**Task objective:** The lines below, from the one containing "1944-1945 2 klf" through the one containing "曾為了孩子與家庭,一直隱忍,就算受傷也打", should be set down exactly, with no pictures and nothing else.

**Records for this exercise:**
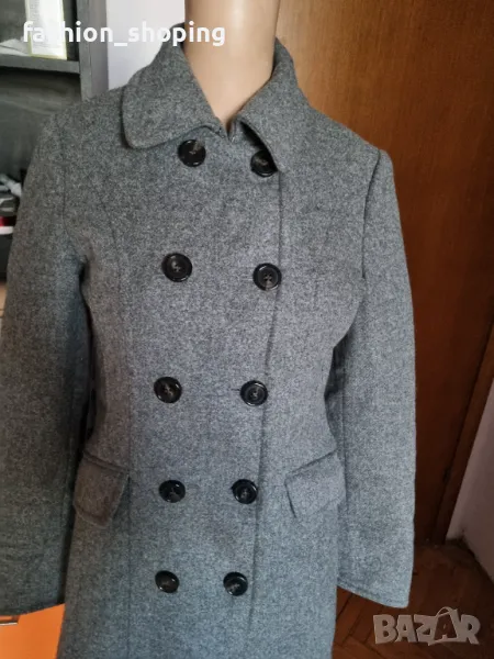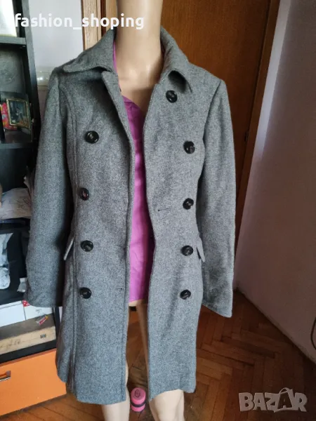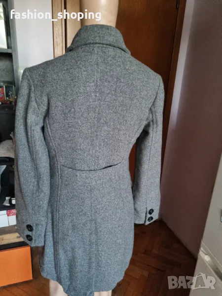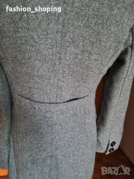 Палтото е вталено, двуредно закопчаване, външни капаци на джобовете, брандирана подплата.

--

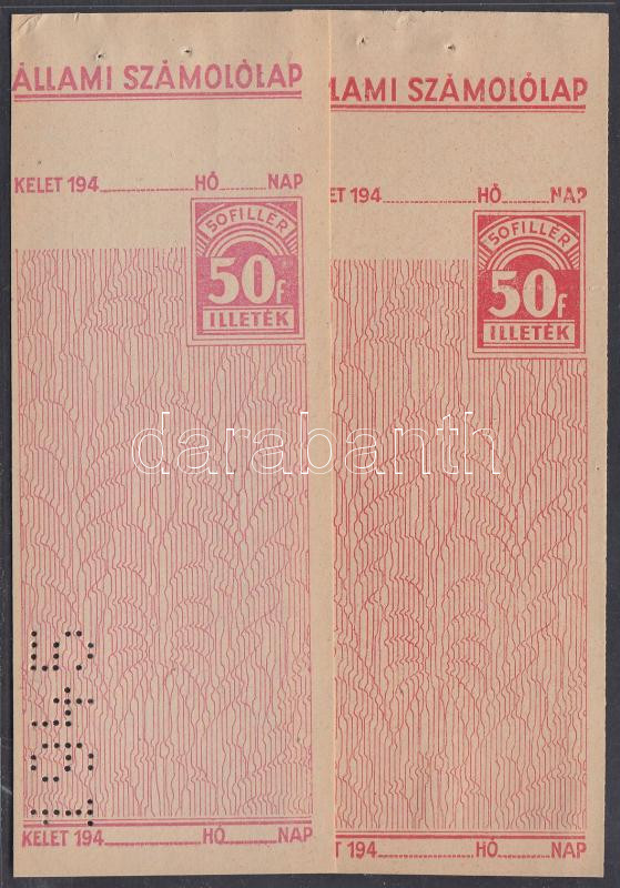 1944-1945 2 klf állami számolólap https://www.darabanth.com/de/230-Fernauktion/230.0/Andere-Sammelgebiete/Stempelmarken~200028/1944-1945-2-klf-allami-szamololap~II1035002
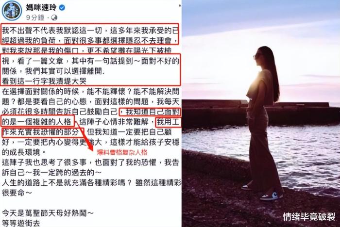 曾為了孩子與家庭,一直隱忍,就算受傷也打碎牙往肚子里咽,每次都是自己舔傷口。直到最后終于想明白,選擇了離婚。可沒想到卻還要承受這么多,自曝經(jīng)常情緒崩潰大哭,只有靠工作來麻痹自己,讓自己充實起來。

**Exercise result:**
 1944-1945 2 klf állami számolólap https://www.darabanth.com/de/230-Fernauktion/230.0/Andere-Sammelgebiete/Stempelmarken~200028/1944-1945-2-klf-allami-szamololap~II1035002
 曾為了孩子與家庭,一直隱忍,就算受傷也打碎牙往肚子里咽,每次都是自己舔傷口。直到最后終于想明白,選擇了離婚。可沒想到卻還要承受這么多,自曝經(jīng)常情緒崩潰大哭,只有靠工作來麻痹自己,讓自己充實起來。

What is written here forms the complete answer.